**EXERCISE DIRECTIONS**:
All of the lines below are to be transcribed faithfully, with pictures excluded from the copy.

+++ MATERIAL SHOWN

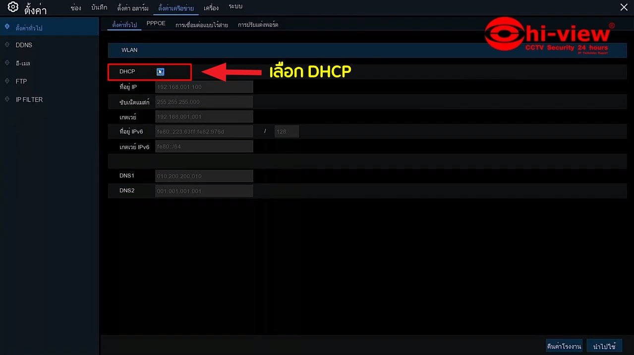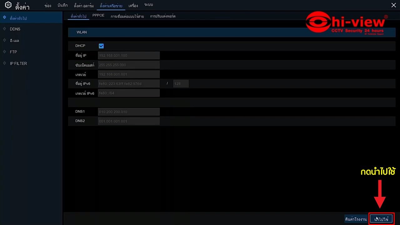 5. หากยังไม่ได้ทำการติ๊กที่ DHCP ให้ทำการติ๊ก DHCP แล้วกดนำไปใช้
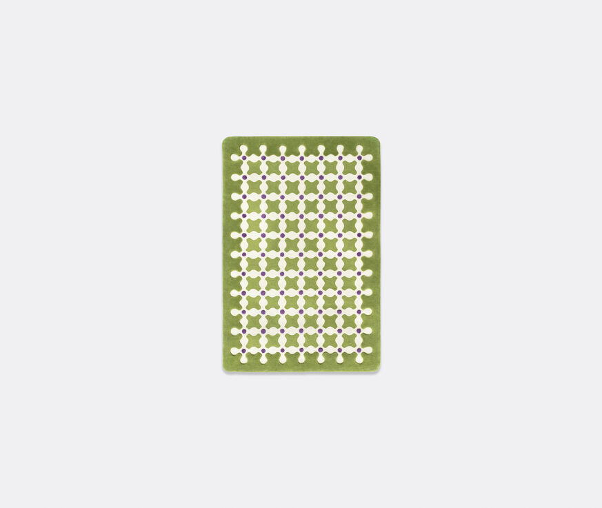 In a personal interpretation of tartan, French architect-designer India Mahdavi presents the 'Criss Cross' rug line for Cc-tapis. Rooted in heritage, the design sees geometric shapes repeat in a contemporary expression with a distinctly retro feel. The 'Criss Cross' rug in green is accented with white stylized crosses and lilac dots. Weaving a language of the traditional and the modern, this ultra-cool statement instantly enlivens and defines spaces.
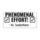Denna positiva gummerade stämpeldesign har det motiverande återkopplingsmeddelandet "FENOMENALT JOBB!" och en personlig lärares eller utbildares namn. Den har också en dekorativ bock. Den kan användas av en skollärare, utbildare eller handledare vid betygssättning av studenters arbete för att indikera att en student har gjort ett exceptionellt jobb.
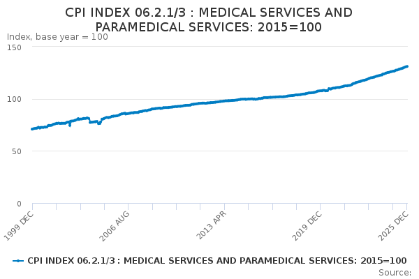 Download this time seriesCPI INDEX 06.2.1/3 : MEDICAL SERVICES AND PARAMEDICAL SERVICES: 2015=100
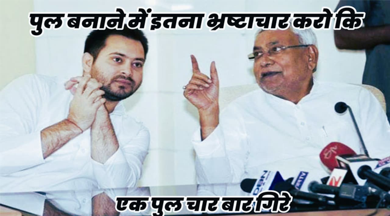 - Bhagalpur-Khagaria Bridge Collapse: सोशल मीडिया पर 'सुशासन बाबू' की फजीहत, यूजर ने कहा- 'पुल बनाने में इतना भ्रष्टाचार करो कि एक पुल चार बार गिरे'
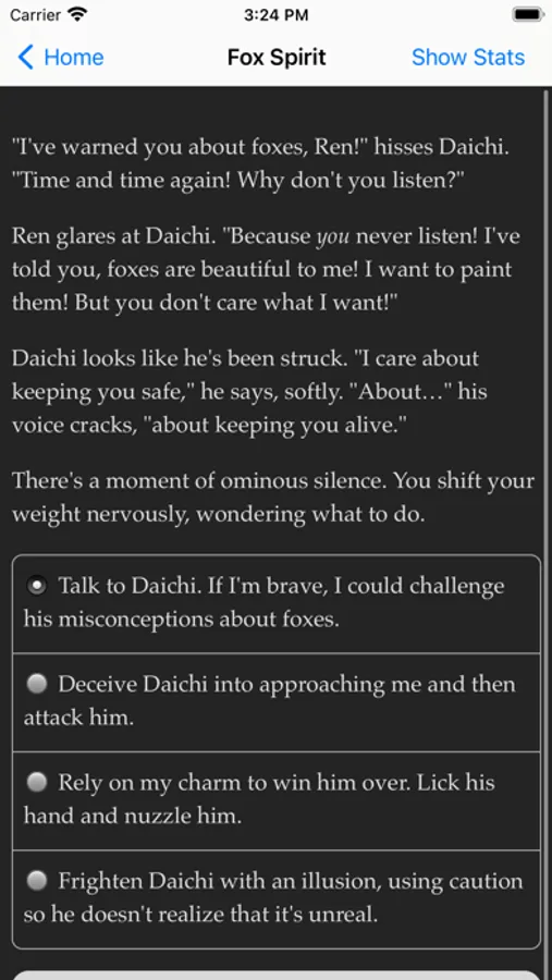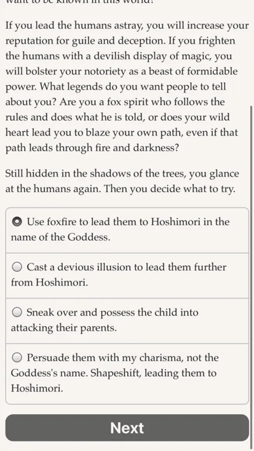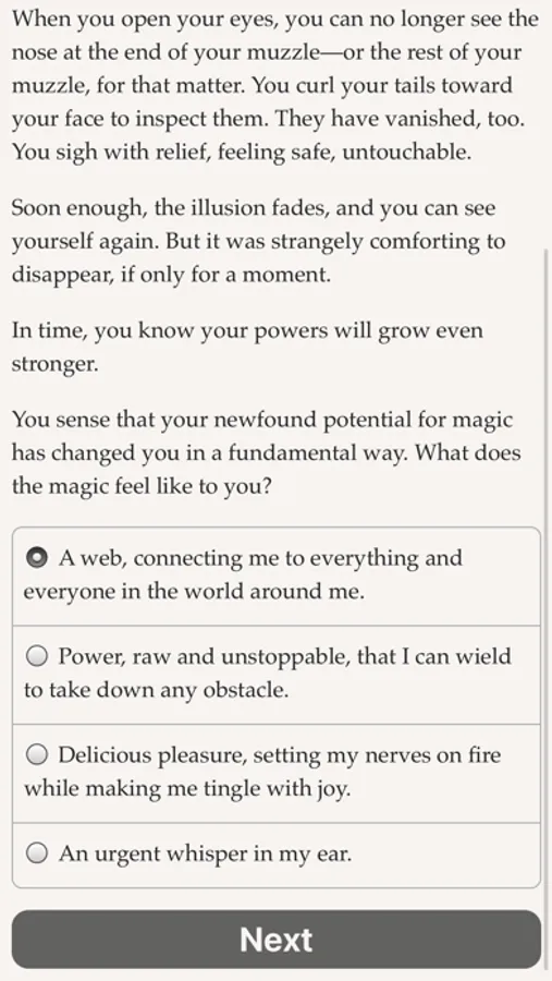 "Fox Spirit: A Two-Tailed Adventure" is a 250,000-word interactive fantasy novel by Amy Clare Fontaine, where your choices control the story. It's entirely text-based, without graphics or sound effects, and fueled by the vast, unstoppable power of your imagination.

++++++

**SOLUTION**:
 5. หากยังไม่ได้ทำการติ๊กที่ DHCP ให้ทำการติ๊ก DHCP แล้วกดนำไปใช้
 In a personal interpretation of tartan, French architect-designer India Mahdavi presents the 'Criss Cross' rug line for Cc-tapis. Rooted in heritage, the design sees geometric shapes repeat in a contemporary expression with a distinctly retro feel. The 'Criss Cross' rug in green is accented with white stylized crosses and lilac dots. Weaving a language of the traditional and the modern, this ultra-cool statement instantly enlivens and defines spaces.
Denna positiva gummerade stämpeldesign har det motiverande återkopplingsmeddelandet "FENOMENALT JOBB!" och en personlig lärares eller utbildares namn. Den har också en dekorativ bock. Den kan användas av en skollärare, utbildare eller handledare vid betygssättning av studenters arbete för att indikera att en student har gjort ett exceptionellt jobb.
 Download this time seriesCPI INDEX 06.2.1/3 : MEDICAL SERVICES AND PARAMEDICAL SERVICES: 2015=100
 - Bhagalpur-Khagaria Bridge Collapse: सोशल मीडिया पर 'सुशासन बाबू' की फजीहत, यूजर ने कहा- 'पुल बनाने में इतना भ्रष्टाचार करो कि एक पुल चार बार गिरे'
 "Fox Spirit: A Two-Tailed Adventure" is a 250,000-word interactive fantasy novel by Amy Clare Fontaine, where your choices control the story. It's entirely text-based, without graphics or sound effects, and fueled by the vast, unstoppable power of your imagination.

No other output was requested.